Thus, when the gate drivers 21-1 to 21-n are selected in order and the gate electrodes 22-1 to 22-n are driven in order, a voltage of a predetermined level is applied between the gate electrodes and the cathode electrodes to permit electrons to be emitted from the emitter arrays, which electrons are then captured by the anode arranged apart upwardly from the the gate electrodes 22-1 to 22-n.
Then, the electrons thus emitted from the emitter arrays are caused to impinge on the phosphors deposited on the anode, leading to luminescence of the phosphors. At this time, the image data are kept applied to the cathode electrodes 26-1 to 26-m as described above, so that luminescence of the phosphors is carried out depending on the image data, to thereby provide a desired image display.
As described above, the gate drivers 21-1 to 21-n of the drive unit for the image display device have a bias voltage V.sub.S applied thereto in order to minimize the swing voltage.
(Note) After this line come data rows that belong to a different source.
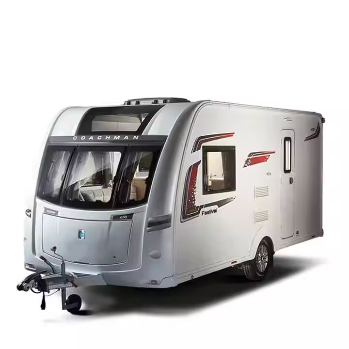 โรงงานขายส่งรถบ้านเคลื่อนที่ยอดนิยม รถคาราวาน รถพ่วงสำหรับเดินทาง ห้องนอนเดียว พร้อมเครื่องปรับอากาศ มาตรฐานไอเสีย EURO 5 ราคาถูก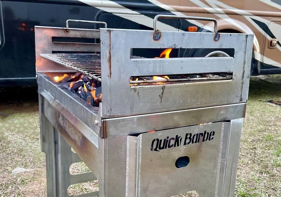 The Quick-Barbe is a all stainless steel barbecue which pitches under a minute. It makes a camp fire possible, clean and save even where it is not allowed to make fire on the ground as it stands 300mm (11.81) or 600mm (23.62) high. The unit is compact and can be stowed in a standard ammo box. Once pitched it is sturdy and when it comes to cleaning the unit, it is a matter of dumping the now cold ash, fold it away and continue with your adventure. The unit comes with a grit, carry bag and a wind deflector. This unit is a must for the adventurer or overlander.
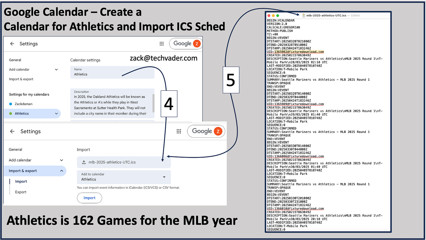 In this example, we separated the Athletics Calendar into a separate name for the 162 MLB Games.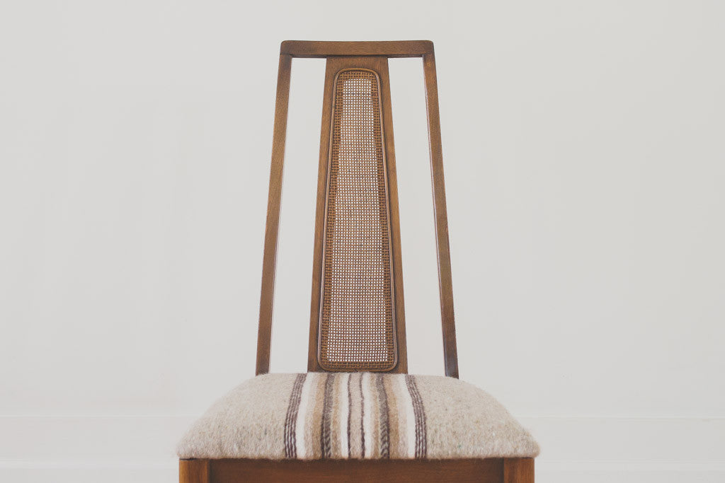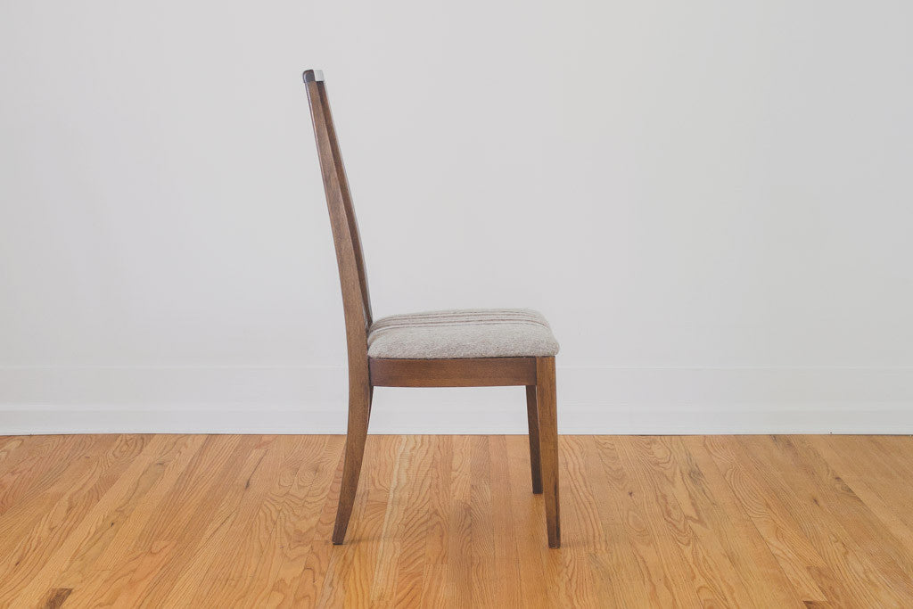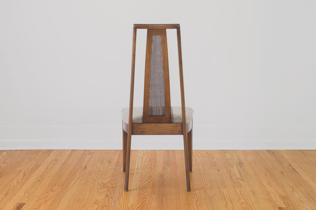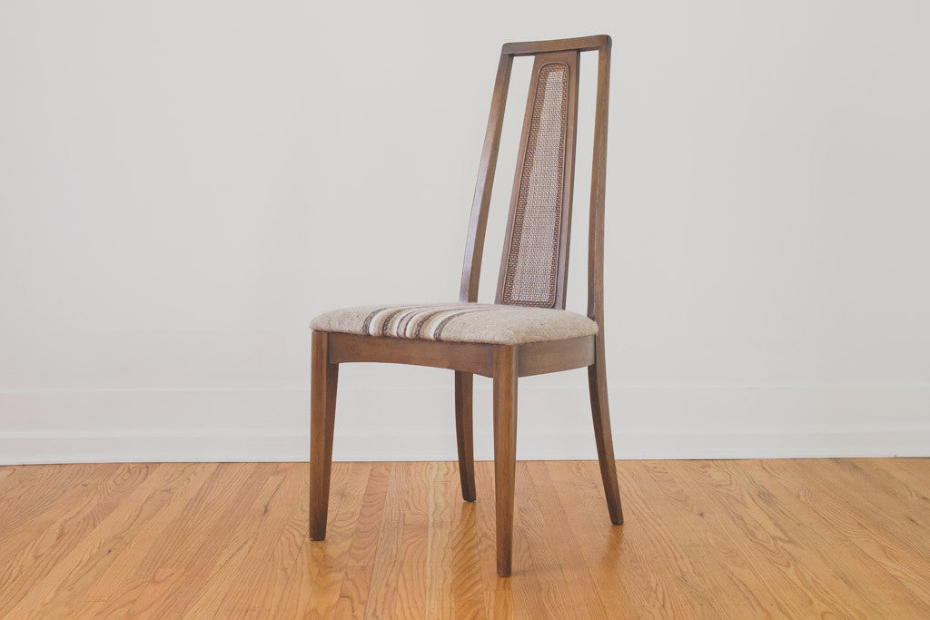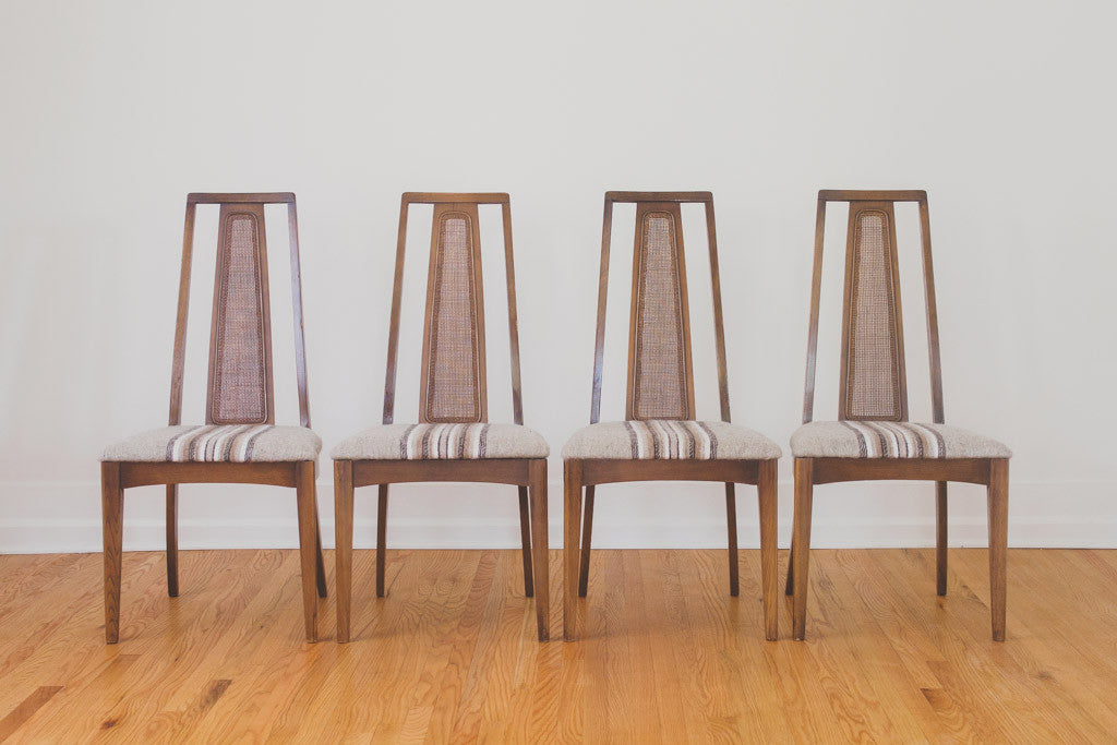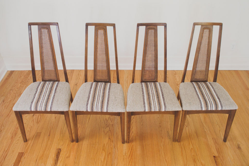 This set of four Mid Century dining chairs have walnut frames with tan, brown and cream wool upholstery. They're in good shape with age related wear to the frames and naturally occurring wear to the upholstery. Please see pictures for detailed condition.

For example, when the gate data are transferred from the gate electrode 22-1 to the gate electrode 22-2 to render the gate driver 21-1 nonselected, the bias voltage V.sub.S is applied to the gate electrode 22-1.
However, application of the bias voltage V.sub.S to the gate electrode when the gate driver is kept nonselected causes a gate voltage charged in the gate electrode to be discharged from the gate drive power supply V.sub.G and cathode drive power supply V.sub.C, leading to occurrence of a reactive power.
In view of the problem, it is proposed to ground each of the gate electrodes once during non-selection of each of the gate drivers and then keep the gate electrode at an increased impedance, leading to electrical isolation of the gate electrode.
In this instance, the transistors Tr1 and Tr2 of each of the gate drivers 21-1 to 21-n shown in FIG. 6 are driven independently from each other and, for example, the terminal of the source of the transistor Tr2 is grounded.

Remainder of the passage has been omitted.